Der Aszendent in der Waage macht ihn mehr zu einem denkerischen (im Handeln zurückhaltenden) als zu einem impulsiv-aktiven Menschen. Die Venus zeigt ins Mittelzeichen Wassermann, dem wir die „Durchführung“ nach der MRL zuschreiben: der Wunsch, ja, das Bestreben nach Harmonie, das er in seinem Empfinden als Ausgangspunkt des Lebens benötigt, lässt ihn ständig und immer wieder Gegensätzliches, Unvereinbares zusammenfügen und in ein Verhältnis zueinander bringen. Venus-Uranus: Raum und Zeit brechen zusammen. Uranus in 1 macht instabil und nervlich wenig belastbar, was dafür spricht, dass er weniger für ein öffentliches Amt geeignet ist. Der Waage-Aszendent ist – um eine Metapher zu verwenden: wortgewaltig. Ihm ist eine wahrnehmbare Denkaggression zu eigen. 

Wassermann im 4. Haus ist eine Mond-Uranus-Qualität: herausgehoben aus der Heimat, dem Heimatgefühl, dem empfinden von sich selbst… überlagert durch eine weibliche Person. Uranus in 1 – die Sprunghaftigkeit, die an seiner Person sichtbar wurde, steht in Opposition zum Mars in 7: wird das Maß der Dinge verlassen, wird Mars die Grenzen der Reviere verlassen und zu Gigantismus mutieren. Dass die Gefahr besteht, dass hier das Maß verlassen wird, zeigt das Quadrat Venus-Neptun an (Neptun in 2 bestätigt dies): Das Bewusstsein (Waage) ist als Schaltzentrale für das Seelische (Mond/Haus 4) ausgefallen. Damit ist der Mars richtungslos geworden und schneidet als Mars-Uranus einem Messer gleich in die Gegenwart und das Kollektiv (Stier) – in die gesellschaftlichen Figuren bzw. die „Bürgerlichkeit“ seiner Zeit.

Ohne die Lebensläufe nachzulesen, könnte man bei noch genauerer Deutung ihrer Horoskope erkennen, wo die Stärken dieser vier Männer liegen, die sie natürlich einsetzten, um gleichzeitig vorhandene Schwächen zu kompensieren. Das ist das Leben – das ist die Aussteuerung, die wir alle in größerem oder kleinerem Ausmaße vornehmen, um als Einzelwesen leben zu können.

Und bisweilen sind es wohl die großen Schwächen, die große Begabungen herauskehren.
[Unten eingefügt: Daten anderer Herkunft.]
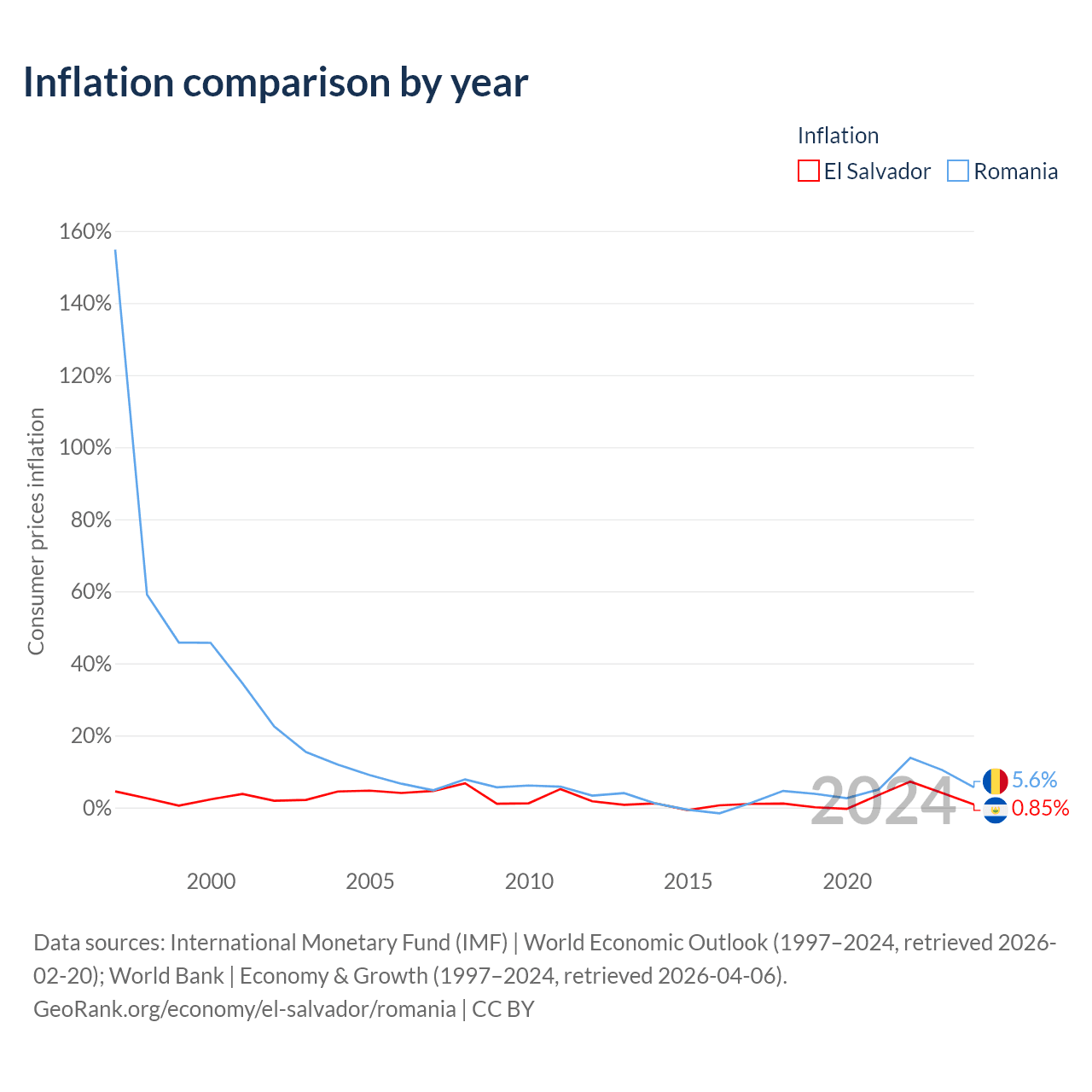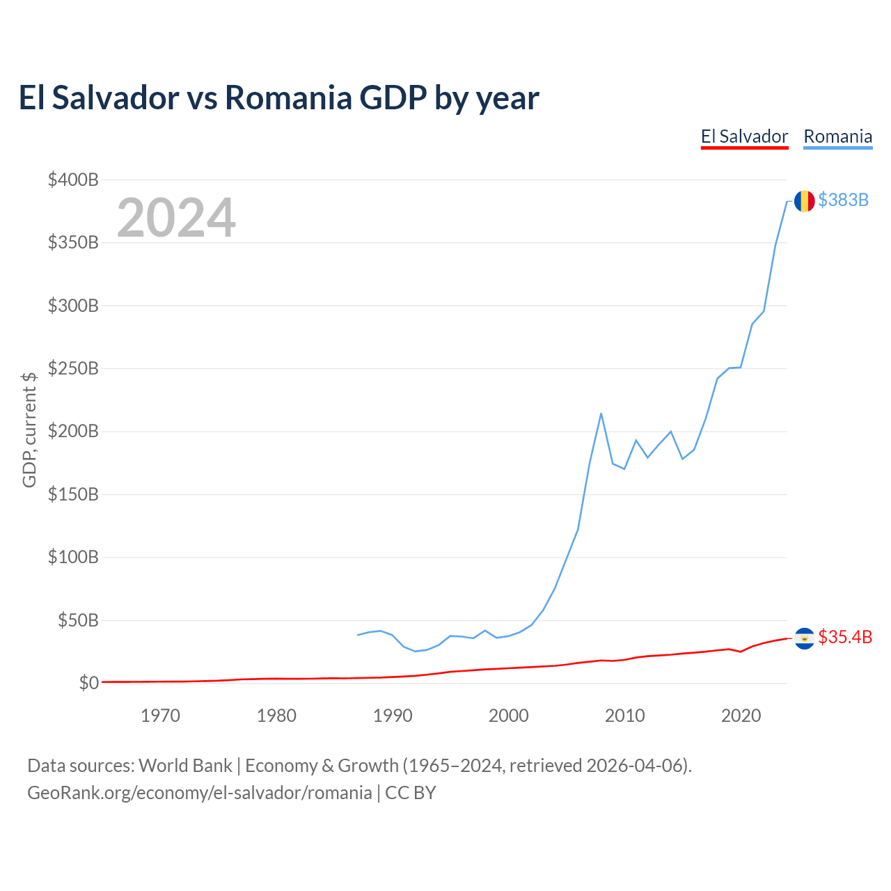 El Salvador has a GDP of $35.4B compared to $383B for Romania, ranking 105/197 and 42/197 by economy size, respectively.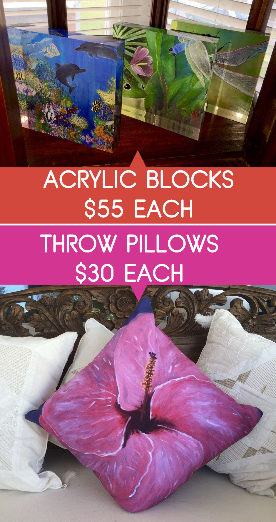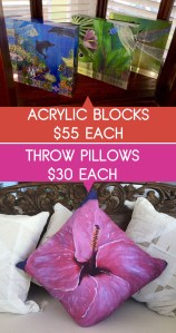 Throw pillows and Acrylic blocks at Art Bazaar Pop Up August 2017

Was ist nun aber Verdrängung?

Auch diesen Begriff  – um einem Missverständnis vorzugreifen – beschreiben und definieren verschiedene Schulen unterschiedlich. Ist Verdrängen ein Vergessen, für das wir uns bewusst oder unbewusst entscheiden? Liegt es überhaupt in der Reichweite unserer Entscheidungsfähigkeit? Oder ist Verdrängen nicht eher ein Auslassen von etwas, das – neben anderen Fähigkeiten – in uns angelegt ist, dem wir aber die Daseinsberechtigung und damit die Entfaltungsmöglichkeit verwehren?

Auf vielen Seminaren (und auch in W. Döbereiners Seminarbänden) ist zu hören und zu lesen: Was hätte dieser Mensch stattdessen tun können? Abgesehen davon, dass diese Frage einerseits müßig und andererseits so manchem etwas arrogant daherkommt, ist sie sehr berechtigt. Und wer sich nicht über ihm fremde Personen verspekulieren möchte, kann bei sich bleiben und sich einmal das eigene Leben anschauen.

Der Ort, an dem Saturn steht ist einer der Orte, an denen wir etwas über unsere Bestimmung (die als „ungerechte“ Einschränkung daherkommt) erfahren können. Der Mars wiederum zeigt an, wo sich die Verdrängung „austobt“, einen Neptun, der ohne Bestimmung geblieben ist, rächt er im Namen „Poseidons“. Der Pluto kennzeichnet das Thema, dessen man sich nicht annehmen möchte – er ist der verdrängte Neptun, der uns das Maß unseres Daseins anzeigt – das Prinzip unserer Gestalt der Zeitlichkeit.

 

* Zu Blaise Pascal kann man im Seminarband 12  (S. 235ff) von Wolfgang Döbereiner nachlesen.